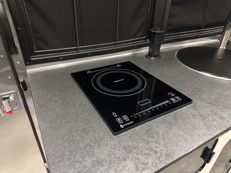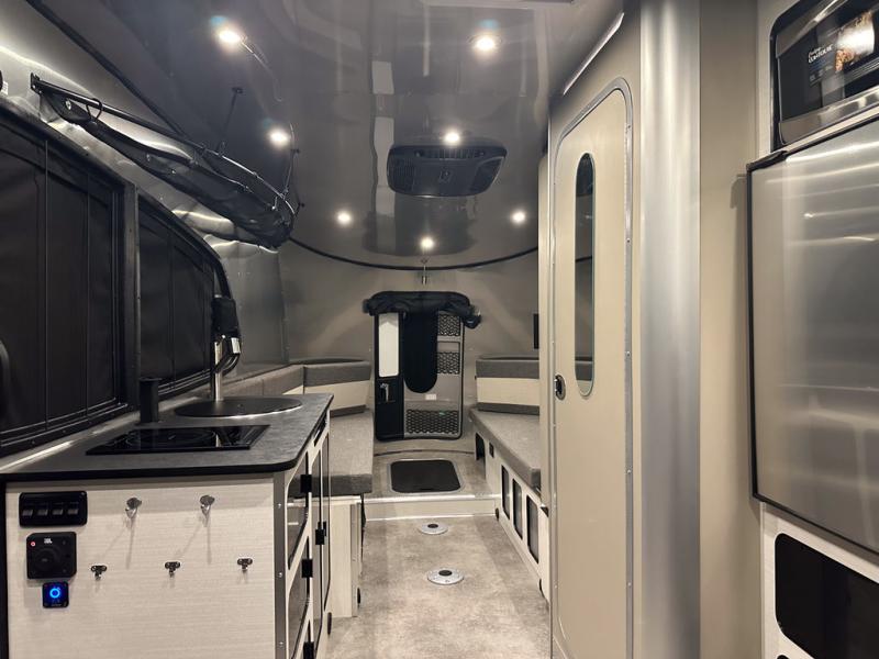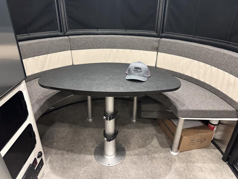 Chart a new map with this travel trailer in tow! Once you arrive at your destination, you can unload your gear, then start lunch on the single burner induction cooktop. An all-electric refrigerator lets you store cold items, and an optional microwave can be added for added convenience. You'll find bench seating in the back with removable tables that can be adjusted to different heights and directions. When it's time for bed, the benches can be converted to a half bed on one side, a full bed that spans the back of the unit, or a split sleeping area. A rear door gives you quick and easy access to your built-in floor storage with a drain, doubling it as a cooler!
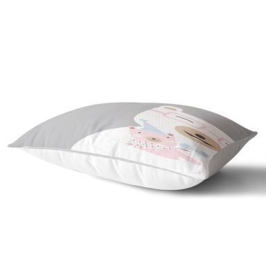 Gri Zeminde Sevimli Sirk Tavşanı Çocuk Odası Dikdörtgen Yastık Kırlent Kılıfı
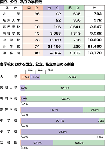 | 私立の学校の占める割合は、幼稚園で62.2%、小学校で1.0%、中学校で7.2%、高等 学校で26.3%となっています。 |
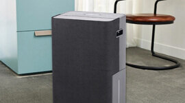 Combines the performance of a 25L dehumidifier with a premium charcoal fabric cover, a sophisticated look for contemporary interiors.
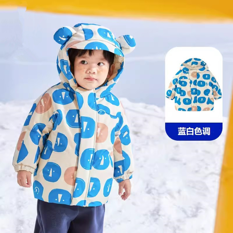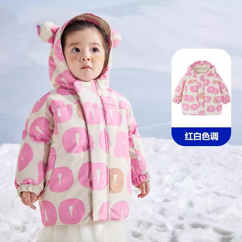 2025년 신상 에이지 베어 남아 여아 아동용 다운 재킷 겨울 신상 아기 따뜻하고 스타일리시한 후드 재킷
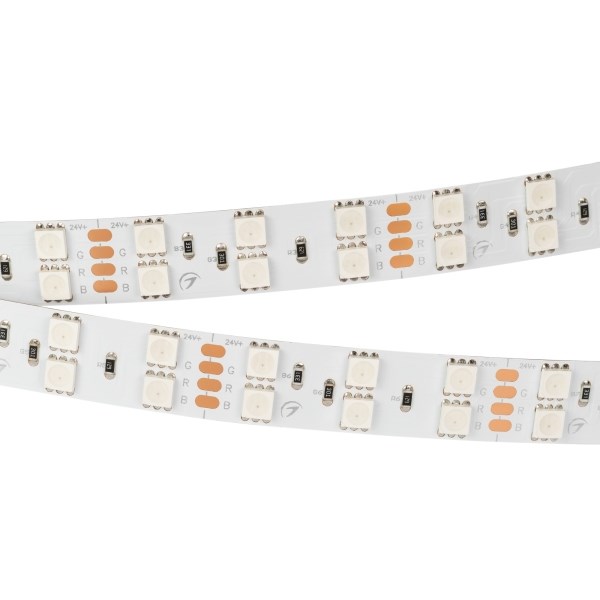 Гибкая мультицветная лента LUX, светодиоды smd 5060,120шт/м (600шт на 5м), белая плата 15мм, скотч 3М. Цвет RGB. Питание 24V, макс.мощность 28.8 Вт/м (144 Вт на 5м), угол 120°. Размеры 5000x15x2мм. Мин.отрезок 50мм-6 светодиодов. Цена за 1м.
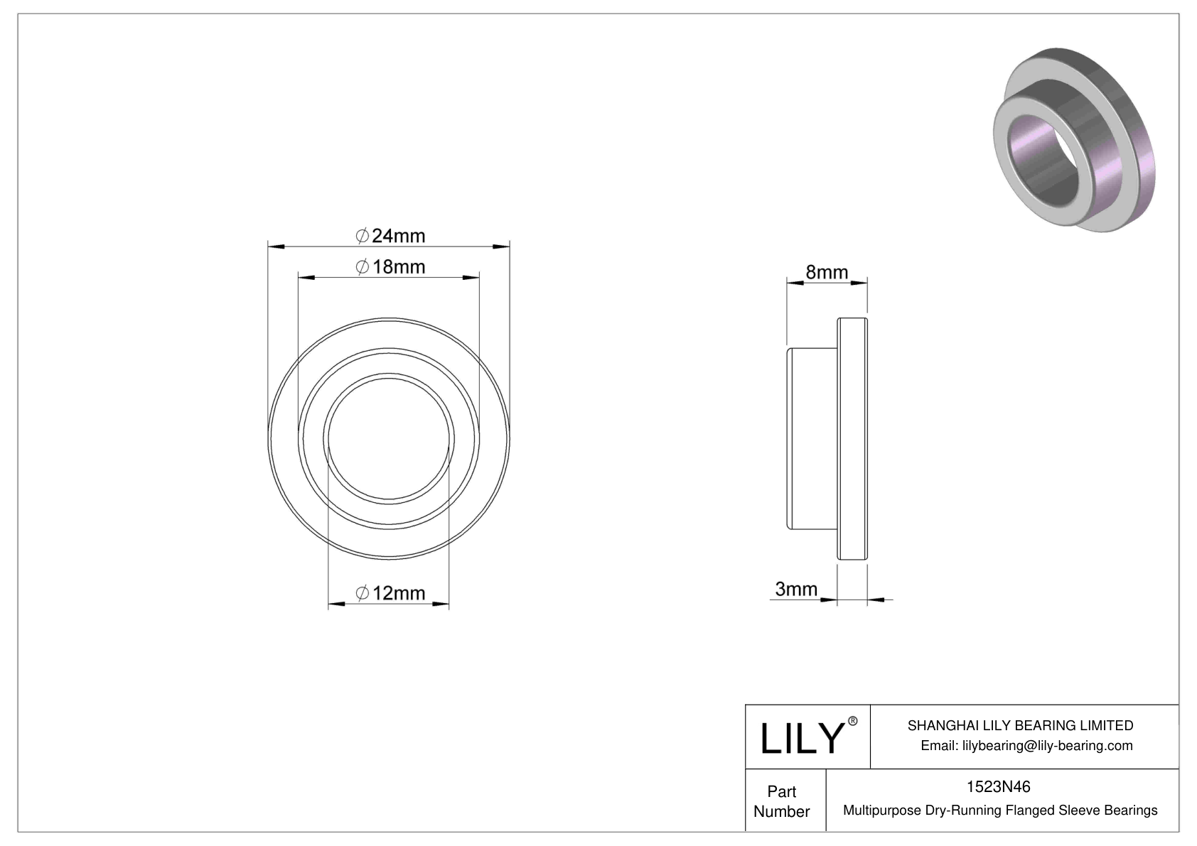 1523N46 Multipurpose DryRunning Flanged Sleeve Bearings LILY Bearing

_ _ _ _ _ _ _

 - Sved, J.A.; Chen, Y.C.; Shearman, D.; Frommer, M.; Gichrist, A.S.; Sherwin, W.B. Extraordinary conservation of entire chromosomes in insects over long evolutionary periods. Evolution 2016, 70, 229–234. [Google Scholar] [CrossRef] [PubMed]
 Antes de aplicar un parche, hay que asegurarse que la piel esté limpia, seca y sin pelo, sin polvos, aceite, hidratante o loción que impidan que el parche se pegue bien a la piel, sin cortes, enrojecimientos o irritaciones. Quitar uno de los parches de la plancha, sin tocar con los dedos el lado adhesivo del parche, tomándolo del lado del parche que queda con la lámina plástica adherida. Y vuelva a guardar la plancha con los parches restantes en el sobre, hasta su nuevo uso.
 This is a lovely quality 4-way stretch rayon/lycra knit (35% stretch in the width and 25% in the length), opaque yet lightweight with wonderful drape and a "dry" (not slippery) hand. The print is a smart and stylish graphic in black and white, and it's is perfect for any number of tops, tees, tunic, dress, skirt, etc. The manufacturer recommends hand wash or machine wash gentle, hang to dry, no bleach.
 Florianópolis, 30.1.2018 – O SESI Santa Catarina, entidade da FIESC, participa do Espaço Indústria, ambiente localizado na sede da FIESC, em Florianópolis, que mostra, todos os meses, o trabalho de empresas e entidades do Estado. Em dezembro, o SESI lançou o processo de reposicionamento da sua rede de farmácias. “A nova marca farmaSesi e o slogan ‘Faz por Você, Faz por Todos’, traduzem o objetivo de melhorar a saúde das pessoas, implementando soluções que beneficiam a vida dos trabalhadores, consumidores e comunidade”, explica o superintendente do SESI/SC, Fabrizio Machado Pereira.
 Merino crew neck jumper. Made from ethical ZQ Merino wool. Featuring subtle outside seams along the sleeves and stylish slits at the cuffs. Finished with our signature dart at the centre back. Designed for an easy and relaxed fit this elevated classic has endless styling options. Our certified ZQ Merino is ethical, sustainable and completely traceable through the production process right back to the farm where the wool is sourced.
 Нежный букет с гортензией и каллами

_ _ _ _ _ _ _

Pictures excluded, give again exactly and only the lines of the material above from the line with "私立の学校の占める割合は、幼稚園で62.2%、小学校で1.0%、中学校で7.2%、高等 学校で26.3%となっています。 |" through the line with "Гибкая мультицветная лента".

SOLUTION:
 | 私立の学校の占める割合は、幼稚園で62.2%、小学校で1.0%、中学校で7.2%、高等 学校で26.3%となっています。 |
 Combines the performance of a 25L dehumidifier with a premium charcoal fabric cover, a sophisticated look for contemporary interiors.
 2025년 신상 에이지 베어 남아 여아 아동용 다운 재킷 겨울 신상 아기 따뜻하고 스타일리시한 후드 재킷
 Гибкая мультицветная лента LUX, светодиоды smd 5060,120шт/м (600шт на 5м), белая плата 15мм, скотч 3М. Цвет RGB. Питание 24V, макс.мощность 28.8 Вт/м (144 Вт на 5м), угол 120°. Размеры 5000x15x2мм. Мин.отрезок 50мм-6 светодиодов. Цена за 1м.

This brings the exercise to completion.